Diplomatic relations between Denmark and Sri Lanka were established on 5 January 1953. In 1959, an agreement on air services was signed. On 16 February 1963, both countries signed an agreement on double taxation. Denmark provided a loan to Sri Lanka in 1968.

==Development assistance==
In 2003, DANIDA assisted Sri Lanka with 156 million DKK for demining, human rights and conflict resolutions.

On 18 February 2009, during the Sri Lankan Civil War, Danish Minister for Development Cooperation Ulla Tørnæs assisted Sri Lanka with 34 million DKK for demining and for the civilians in northern Sri Lanka.

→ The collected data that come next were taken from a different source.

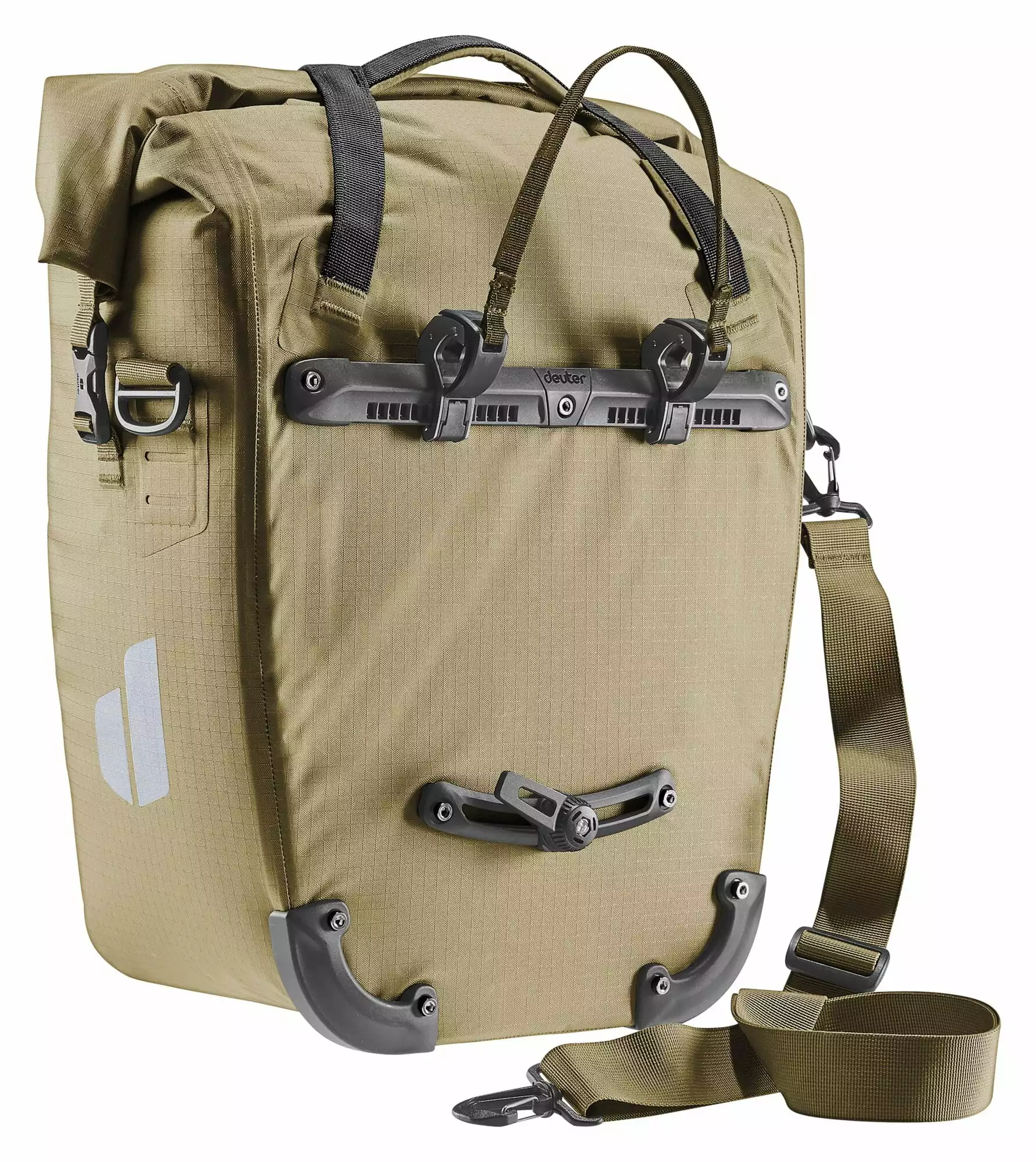 Maximale Bewegungsfreiheit bietet die neu entwickelte BagFix-Halterung. Zwei Führungsschienen und zwei Haken sorgen während den langen Fahrten für zuverlässigen Halt der Fahrradtasche. So liegt die Last zu 100% auf dem Hinterrad und nicht auf dem Rücken. Im Stand kann die Tasche mit nur einem Handgriff vom Gepäckträger abgenommen und als Schultertasche verwendet werden.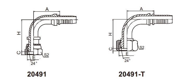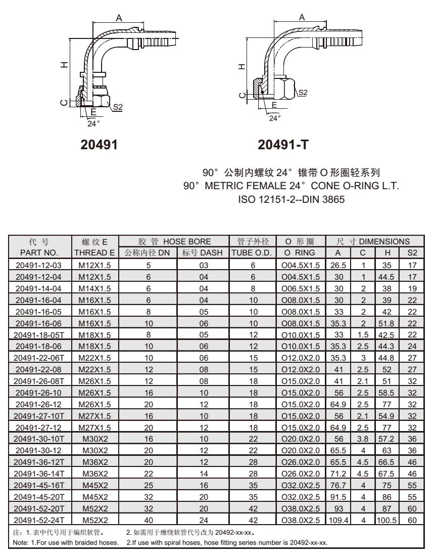 20491 90°公制內螺紋24°錐帶O形圈輕系列 扣壓式軟管接頭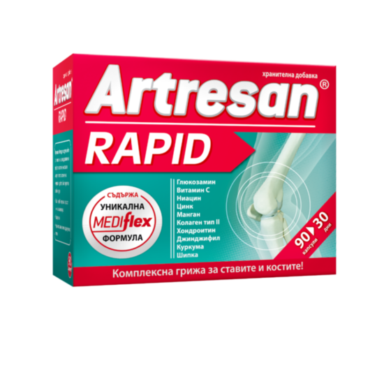 Артресан рапид е хранителна добавка с изключително богат състав, който комбинира традиционно използваните съставки като глюкозамин, витамини и минерали с иновативната MEDIFLEX формула, която представлява уникално съчетание на специално дозирани количества колаген тип II, хондроитин, джинджифил, куркума и шипка. Съдържа максимална доза глюкозамин – 1500 mg дневно.*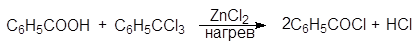 или из бензойной кислоты и бензотрихлорида при 120-130 о С в присутствии кислот Льюиса: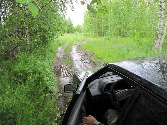 Дороги нам дают уже третье тысячелетие. Сколько еще ждать будем, мож самим начать строить, как римляне. Проехали ровно тридцать метров, стоит легковая бмвэшка в лесу. Еще десять метров и зачесали затылки, стоит ли суваться дальше. Дождь еще зарядил к месту. По прогнозу ливень уж кончиться должен. Видать ошибочка в расчеты вкралась. Всего на пару часиков. Сидим в машине. Капли по крыше лупят, комары в стекла стучатся, духатина. В русском «Жигулёнке» кондеры не положены, мы русские и так богаты, на ф..., нам кондеры.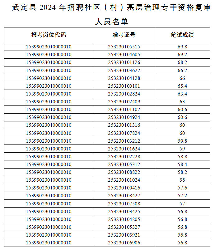 從達到云南省2024年社區(qū)(村)基層治理專干招聘考試筆試最低合格分?jǐn)?shù)線的考生中,按照筆試成績從高到低的順序,等額確定參加武定縣2024年社區(qū)(村)基層治理專干招聘資格復(fù)審人員。具體人員名單如下: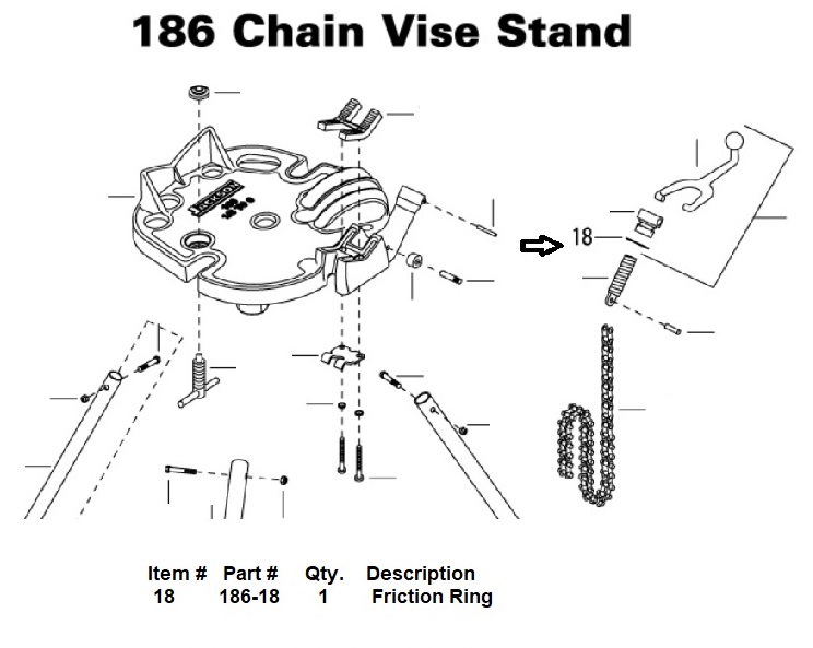 Part # 186-18 Description: Friction Ring Upc 811993024771 Replacement Friction Ring From The 186 Chain Vise Stand Item # Part # Qty. Description 18 186-18 1 Friction Ring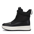 Актуальные черные дутики для активного отдыха. Верх комбинирует плотный текстиль и практичную кожу из спилка. Подкладка и стелька утеплены натуральной шерстью. Высокая резиновая подошва обеспечивает устойчивость на любых поверхностях. Модель надежно фиксируется удобной передней молнией.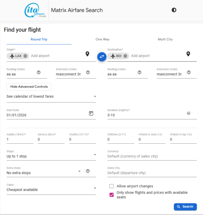 • The Matrix Airfare Search by ITA Software search page should be like below when all values are inputted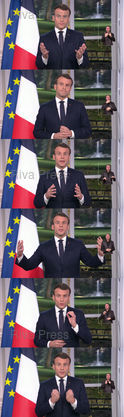 Légende : Voeux télévisés d'Emmanuel Macxron aux français depuis le palais de l'Elysée /// New Year wishes of French President Emmanuel Macron during a televised address to the nation from the Elysee Palace - Paris - 31/12/2019 - Photo © Lionel Préau +33 (0)6 68 12 83 77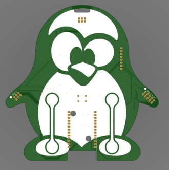 What does the hardware kit look like? It's a Swagbadge again, now in a more penguin shaped form factor. It has: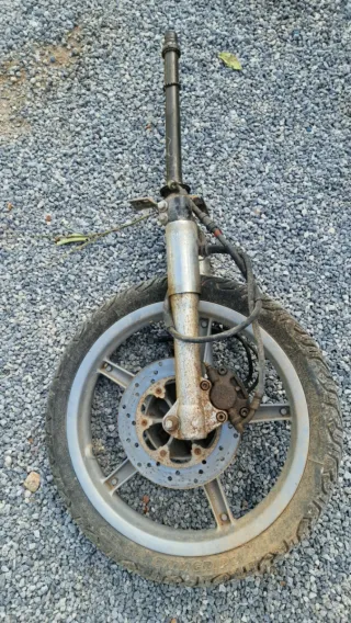 Tren delantero completo de Piaggio Liberty 125 antigua. Incluye horquilla, rueda, disco y pinza de freno. Ideal para recambio. Se vende tal cual está, procedente de moto desmontada. - Llanta de aleación. - Disco de freno. - Horquilla delantera.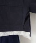 ショート丈のシャツジャケットに、ストライプとレースの異素材をレイヤードしたデザイン性のある一枚。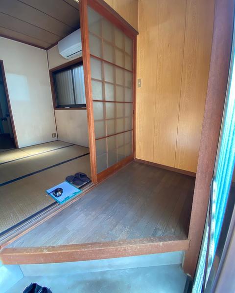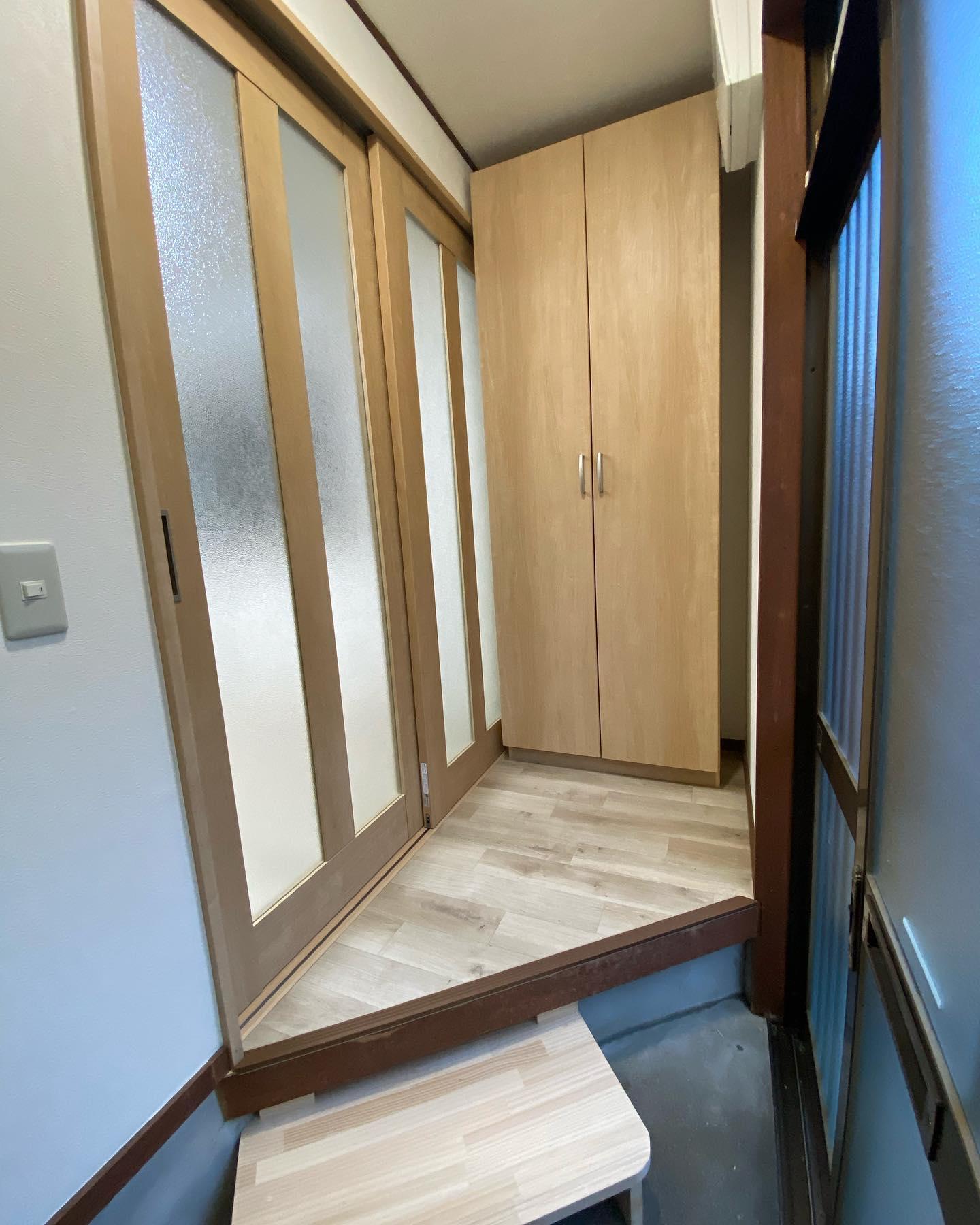 リビングダイニングに続く室内ドアを新調しクッションフロアも室内と同じにして一体感をもたせました。玄関収納を背の高いタイプにして収納性をあげました。 また、お手製のふみ台で上がり降りも楽になりました。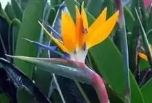 鹤望兰,别名天堂鸟,为鹤望兰科鹤望兰属的一种多年生草本植物;无木质树干;花序生于与叶柄近等长或稍短的花序梗上,佛焰苞1;花较小,萼片橙黄色,长7.5-10厘米,箭头状花瓣基部具耳状裂片,…全部>>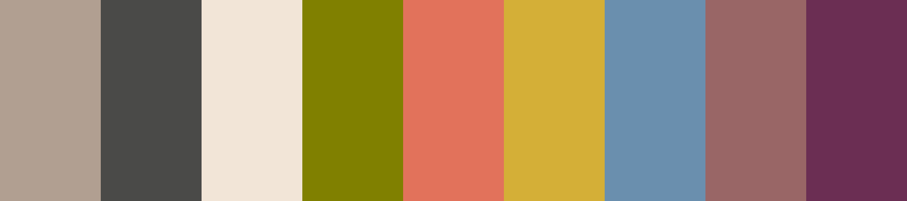 Neutrals: Soft Taupe: #B19f91 Charcoal Gray: #4a4a48 Ivory: #F2e5d7 Warm Tones: Olive Green: #808000 Terracotta: #E2725b Mustard Yellow: #D4af37 Cool Tones: Soft Blue: #6a8fae Mauve: #996666 Plum: #6b2e53
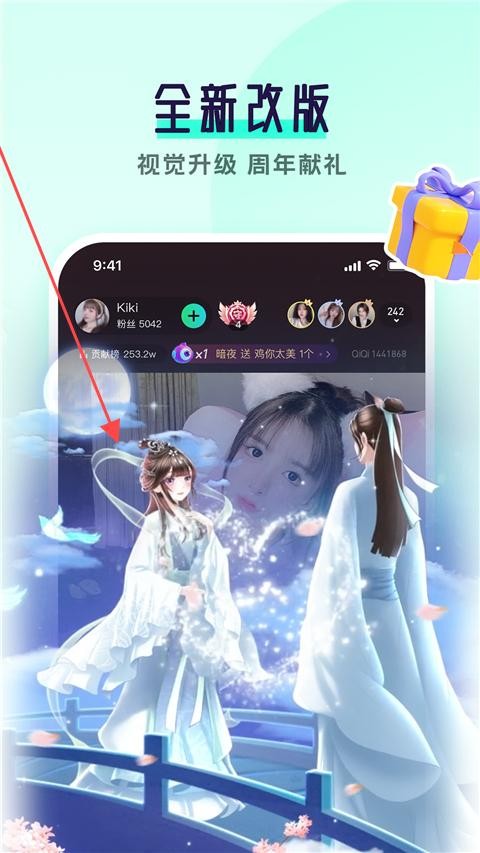 1、炫酷特效与趣味玩法,支持观看直播同时参与游戏,如抽奖、答题等,提供独特身份标识和虚拟座驾。
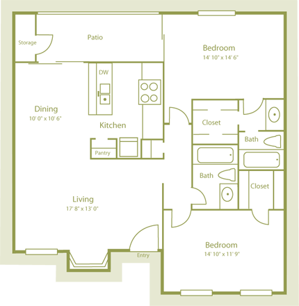 Apartment Model: Plan B12 Bedroom, 1 Bath, 800 sq ftAvailable December 6, 2025![]()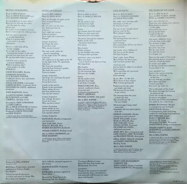 Arranged By [Rhythm], Guitar [Solo] Dann Huff | Backing Vocals Boz Scaggs, Kevin Dorsey, Siedah Garrett, Timothy B. Schmit | Bass David Hungate | Drums Jeff Porcaro | Guitar Steve Lukather | Keyboards Robbie Buchanan | Keyboards [Additional] Alan Pasqua | Percussion Lenny Castro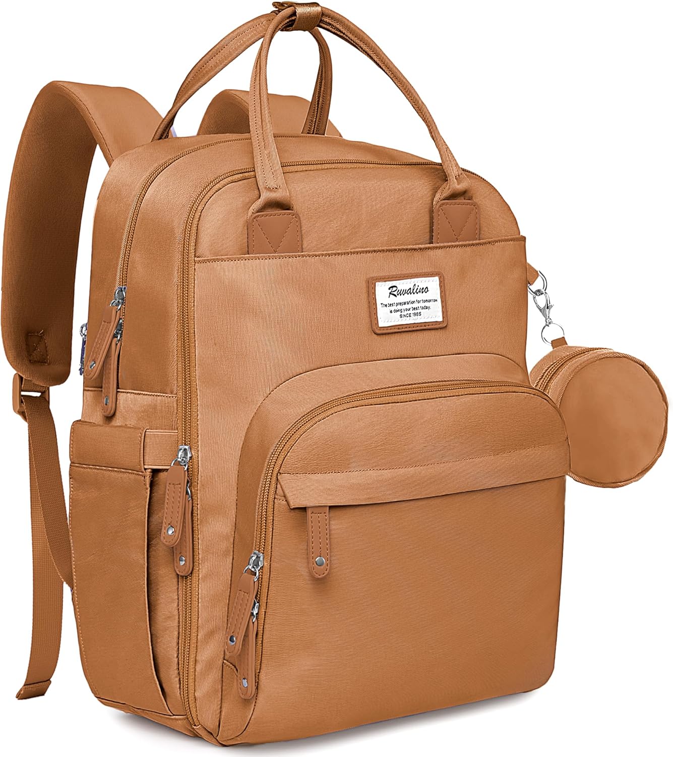 RUVALINO Diaper Bag Backpack-Multifunction Baby Travel Bag with Changing pad, Insulated Bottle Holders & Pacifier Case, Large Capacity, Waterproof, Dark Brown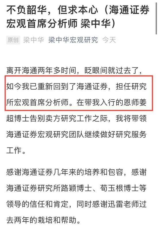 2月18日,梁中华在其微信公众号上发文称:“已重新回到海通证券,担任海通证券研究所宏观首席分析师。”

===Sri Lanka Monitoring Mission===
Sri Lanka Monitoring Mission was established on 22 February 2002 under the terms of a ceasefire agreement signed by the Government of Sri Lanka and the Liberation Tigers of Tamil Eelam, as a body that would monitor the ceasefire and enquire into reported violations of the ceasefire agreement. Its members were drawn primarily from Norway, Sweden, Finland, Denmark, and Iceland. Following the abrogating of the ceasefire agreement in January 2008, the SLMM announced on 3 January 2008 that it would finally terminate its remaining operational activities in Sri Lanka with effect from 16 January 2008.

==Trade==
Trade between Denmark and Sri Lanka has been described as "impressive". Sri Lankan exports to Denmark are mainly rubber tyres, tobacco and clothing, while Danish exports to Sri Lanka includes fish, milk, hearing aids (Oticon A/S) and medicaments. In 2008, Danish exports to Sri Lanka amounted 145 million DKK and Sri Lankan exports to Denmark amounted 157.9 million DKK.